同封の封筒のなかに入っていたのは、著者の平敷安常(ひらしきやすつね)さんから私宛の手紙だった。
平敷さんはベトナム戦争時、戦場での勇敢さから「カミカゼ・トニー」と呼ばれた米国ABCのムービーカメラマンで、その10年の体験を2009年『キャパになれなかったカメラマン』という本にまとめた。ベトナムを取材した世界各国のジャーナリスト列伝ともなっており、彼らが友情、反目、競争などの人間模様のなか成長していく過程、そして生と死がいつも隣り合わせの日常が人間味あふれるタッチで描かれている。
この本は高い評価を得て、大宅壮一ノンフィクション賞を受賞した。
70歳を過ぎて、処女作が出版関連の賞を受けるのは極めて稀だが、選者の関川夏央さんは「若い世代に受賞をしてもらいたいという本音はあったが、70歳を過ぎた彼の、実経験に基づいた圧倒的な筆力・文章力には勝てなかった。」と評したという。
一方、撮影関連の受賞歴はないが、これはベトナム戦争時、親友を失った自責の念から、カメラマンに関わる賞・コンクールを拒否しているからだという。(Wikipediaによる)
翌年、平敷さんは『サイゴン ハートブレーク・ホテル〜日本人記者たちのベトナム戦争』を出版。ゆかりの日本人ジャーナリストたちを描いた。一作目と並んで、戦場におけるジャーナリズムのあり方を考える上でも最良の本だと思う。

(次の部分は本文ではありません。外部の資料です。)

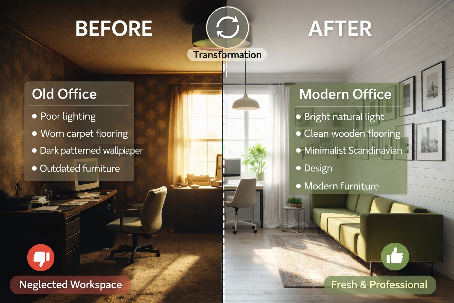 Project Description (Approx. 1200 Words) Designing a functional and aesthetically pleasing office within a limited space requires careful planning, creativity, and efficient use of every square foot. This project focuses on the complete transformation of a 15 ft by 60 ft office space, converting a simple rectangular hall into a modern, productive, and visually appealing workplace. The goal of the design was to create a professional environment that supports workflow efficiency while maintaining a contemporary corporate identity. The total area of the office is approximately 900 square feet, which offers a narrow but long layout. Such proportions present both challenges and opportunities. Without proper planning, the space could easily feel congested or like a corridor. However, with thoughtful zoning, lighting, and material selection, it can become a dynamic and functional workspace. Initial Condition – Before Design Before the renovation, the office existed as a simple rectangular hall measuring 15 feet in width and 60 feet in length. The interior had basic finishing, including plain painted walls, standard ceramic floor tiles, and fluorescent tube lighting. There were no partitions, no dedicated work areas, and no visual hierarchy within the space. Because the room was long and narrow, it lacked proper spatial organization. Employees would have had difficulty maintaining privacy or concentration due to the open hall configuration. Additionally, the absence of proper lighting design and interior elements resulted in a dull and uninspiring environment. The entrance opened directly into the workspace without any reception or waiting area, which reduced the professional image of the office. Storage areas, meeting space, and executive workspace were also missing. Overall, the office lacked both identity and functionality. These issues formed the basis of the redesign strategy. Design Objectives The design process focused on several key objectives: Efficient space planning to accommodate multiple working zones. Creating a welcoming reception area for visitors and clients. Providing private cabins for management while keeping collaborative areas open. Maximizing natural and artificial lighting to enhance the sense of space. Using modern materials and finishes to reflect a professional corporate image. Ensuring smooth circulation through the long office layout. Because the office dimensions were fixed, the design had to utilize the length of the space intelligently while avoiding visual monotony. Space Planning Strategy The office was divided into several functional zones arranged sequentially along the length of the space. This linear zoning works well for narrow layouts because it maintains clear circulation while separating different activities. 1. Reception and Waiting Area The entrance section of the office was designed as a reception area to create a professional first impression. A sleek reception desk was placed near the entrance along with comfortable seating for visitors. Behind the reception desk, a feature wall with textured panels and branding elements adds visual interest and establishes the identity of the office. Soft lighting and decorative elements such as indoor plants help create a welcoming atmosphere. This area acts as a buffer between the outside environment and the main workspace. 2. Open Workstation Area Following the reception, the central part of the office was designed as an open workstation zone for employees. Because the office is only 15 feet wide, the workstations were arranged along one side with a circulation pathway on the other. This layout prevents overcrowding and ensures smooth movement throughout the office. Modular desks with integrated storage allow employees to work efficiently while keeping the environment organized. The open layout also encourages collaboration and communication among team members. 3. Glass Partition Cabins To provide privacy for management while maintaining visual openness, glass partitions were introduced to create separate cabins. Transparent glass helps maintain the sense of space in the narrow office. It allows natural light to flow throughout the interior while visually connecting different zones. These cabins are ideal for supervisors, managers, or senior staff who require a quieter workspace while remaining accessible to the team. 4. Meeting Room Toward the middle or rear portion of the office, a compact meeting room was incorporated. Meetings, client discussions, and presentations can be conducted here without disturbing the main workspace. A glass meeting room ensures that the office remains visually open while still providing acoustic separation. Inside the meeting room, a conference table, comfortable chairs, and presentation screen create a functional collaboration environment. 5. Executive Office At the far end of the layout, a private executive office was designed. This area provides maximum privacy and prestige for the company owner or senior executive. The design includes a large desk, lounge seating for informal discussions, and custom cabinetry for storage. Premium finishes and accent lighting give this section a more refined and sophisticated appearance compared to the rest of the office. Positioning the executive office at the end also ensures minimal disturbance. Interior Design Concept The interior design follows a modern minimalist corporate style. The idea was to create a clean and elegant environment without unnecessary clutter. Color Palette The chosen color palette consists of neutral tones such as: • Warm whites • Soft greys • Natural wood textures • Matte black accents These colors create a calm and professional atmosphere while making the space appear larger and brighter. Lighting Design Lighting plays a critical role in transforming the office environment. Instead of relying solely on basic tube lights, a layered lighting system was implemented. This includes: • Recessed ceiling lights for

去年、山本美香さんが亡くなったあと、このブログで、戦場ジャーナリストについて書いたさい、これらの本を何度か引用させてもらった。
http://d.hatena.ne.jp/takase22/20120901
これが平敷さんの目に止まり、私にお便りと新著を送ってくださったのだった。
平敷さんとはお会いした事がない。伝説の大先輩から直にお手紙をいただいたことに驚き、また感動した。
「1975年、ベトナム戦争が終わった後、私は日本には戻らず西に旅を続け、ドイツ支局を基地にして、西欧、東欧やソ連(当時)、アフリカや中近東、そしてニューヨーク本社に勤務して、アメリカの出来事をテレビカメラに収録してきました。」(手紙より)

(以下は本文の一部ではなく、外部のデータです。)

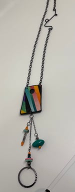 This 26” pendant with a large lobster clasp has color, some dangle, and a little wacky wire in the chain. She’s basically a hot mess, so don’t tell her mom! Sorry, she doesn’t have earrings to match.
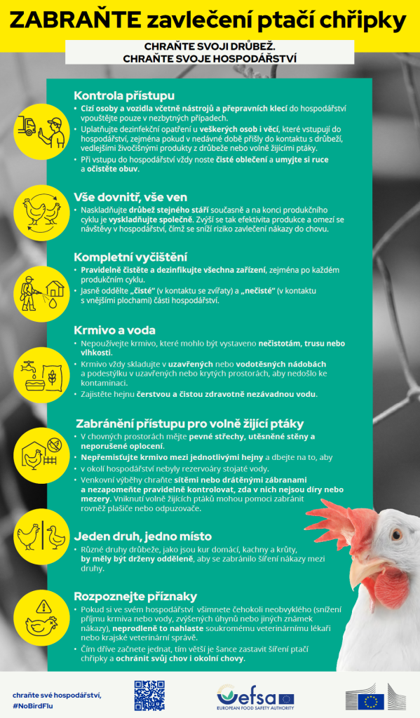 V souvislosti se zhoršenou nákazovou situací upozorňuje Státní veterinární správa na vysoké riziko dalšího šíření nákazy vysoce patogenní ptačí chřipky (HPAI) subtypu H5N1. Státní veterinární správa zároveň upozorňuje na důležitost zavést preventivní opatření biologické bezpečnosti v chovech drůbeže a ptáků chovaných v zajetí, viz leták EFSA v příloze.
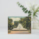 Vintage postcard illustrated by the Tichnor Brothers in the 1930s-40s, of the Fountain in Forsyth Park in Savannah, GA. Bordering the beautiful fountain are full magnolia trees and palm trees. It is a beautiful hotspot for weddings, concerts, and fun family activities.
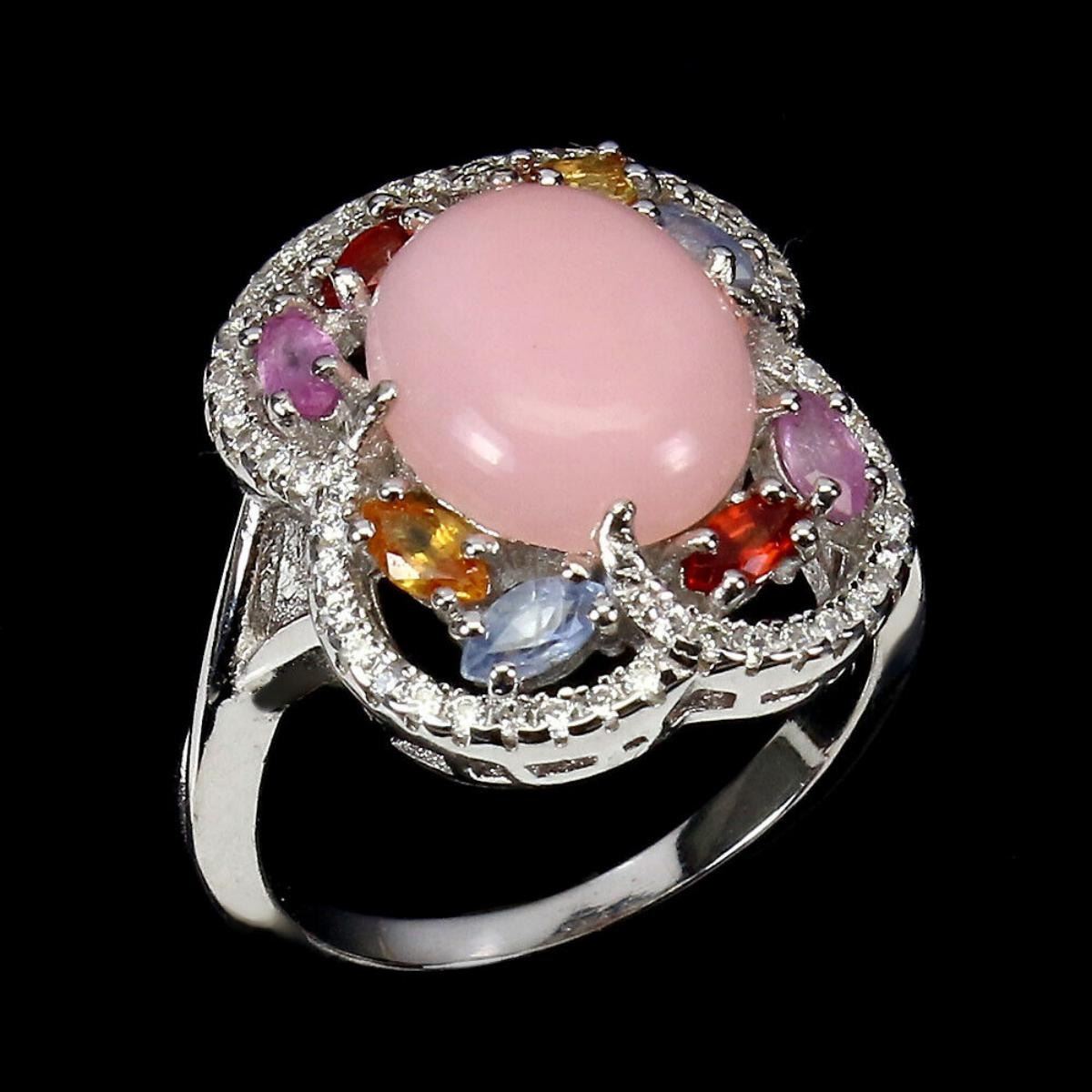 925 STERLING SILVER;PLATE-14K WHITE GOLD;RING SIZE-7(RESIZABLE);MAIN STONE-PINK OPAL;OTHER GEMS-SAPPHIRE, WHITE TOPAZ;TOTAL WEIGHT-5.15 GRAM (TOTAL WEIGHT OF SILVER + STONE);DIMENSION-* STONE 1.0 TO 11.0 X 9.0 MM.* RING SIZE 7.0* FACE RING 18.0 X 15.0 MM.;MAIN STONE SHAPE-OVAL CABOCHON;MAIN STONE COLOR- PINK;TREATMENT-UNHEATED;ORIGIN-ETHIOPIA;HARDNESS-5.5 - 6.5;
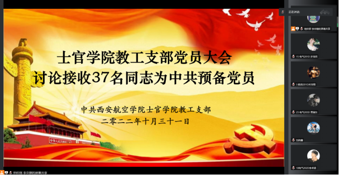 10月31日,士官学院教工党支部线上召开接受预备党员大会。士官学院全体党员及发展对象参会,会议由支部书记来东主持。

前2作はベトナム戦争について書かれたが、新著『アイウィットネス』には、ベトナム戦争が終わった1975年から、2006年に68歳で現役を退くまでの30年におよぶ世界を股にかけた平敷さんの仕事ぶりが書かれている。
「これは、迷い続けたニュースカメラマンの試行錯誤の記録だとも言えるし、私自身がビューファインダーを通して目撃した現代史のイベントの少しピンボケの記録だともとれる。
(略)
これまでの作を含め、私の回想録は、仲間たちへの賛歌であり、鎮魂歌であり、彼らのポートレイトである。ロバート・キャパや澤田教一や岡村昭彦にはなれなかったが、50年近いカメラマン人生を全うできたのは満足している。来世もニュースカメラマンをやろうかやるまいかは考慮中、まだ答えを出していない」(あとがきより)
興味津々。おいおい紹介していきたい。
しかし、平敷さん、よくこれほど具体的で臨場感あふれる本が書けるものだと感心させられる。そもそも、ムービーカメラマンが本格派ノンフィクションを立て続けに書くということ自体、この世界を多少知っているものとしては驚きである。

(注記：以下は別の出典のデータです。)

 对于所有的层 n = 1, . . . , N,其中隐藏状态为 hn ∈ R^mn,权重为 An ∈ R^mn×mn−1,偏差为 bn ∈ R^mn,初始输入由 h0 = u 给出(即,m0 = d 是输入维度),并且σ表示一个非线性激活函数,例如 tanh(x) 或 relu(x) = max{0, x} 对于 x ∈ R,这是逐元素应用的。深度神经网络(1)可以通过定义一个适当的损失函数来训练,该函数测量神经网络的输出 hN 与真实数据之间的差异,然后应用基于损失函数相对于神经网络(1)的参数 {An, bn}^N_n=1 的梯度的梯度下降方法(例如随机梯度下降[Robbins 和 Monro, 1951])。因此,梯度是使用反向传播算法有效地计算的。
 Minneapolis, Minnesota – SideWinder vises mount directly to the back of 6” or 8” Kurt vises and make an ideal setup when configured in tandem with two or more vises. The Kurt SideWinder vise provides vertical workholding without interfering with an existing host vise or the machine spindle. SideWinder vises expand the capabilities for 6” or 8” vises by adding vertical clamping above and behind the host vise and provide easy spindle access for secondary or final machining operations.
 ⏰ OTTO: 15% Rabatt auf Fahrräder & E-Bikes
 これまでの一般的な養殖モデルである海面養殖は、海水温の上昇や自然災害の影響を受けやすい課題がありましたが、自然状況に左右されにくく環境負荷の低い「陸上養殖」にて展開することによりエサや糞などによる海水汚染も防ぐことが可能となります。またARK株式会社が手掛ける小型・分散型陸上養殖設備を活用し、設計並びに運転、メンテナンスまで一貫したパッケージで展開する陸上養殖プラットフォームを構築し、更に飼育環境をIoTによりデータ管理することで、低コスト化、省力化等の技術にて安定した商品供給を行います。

一人でカメラを回しレポートもしナレーションも書いて編集もするというビデオジャーナリストという存在は、機材の発達と取材費の低減を背景に90年代に登場したが、平敷さんの時代は、記者、カメラ、音声としっかり分業があった。カメラマンといえば職人肌の人が多く、平敷さんも高卒のたたき上げである。
筆力のもとになっているのは何か、ベトナムを含め40年以上、報道の第一線で磨かれた洞察力なのか、一度平敷さんに聞いてみたい。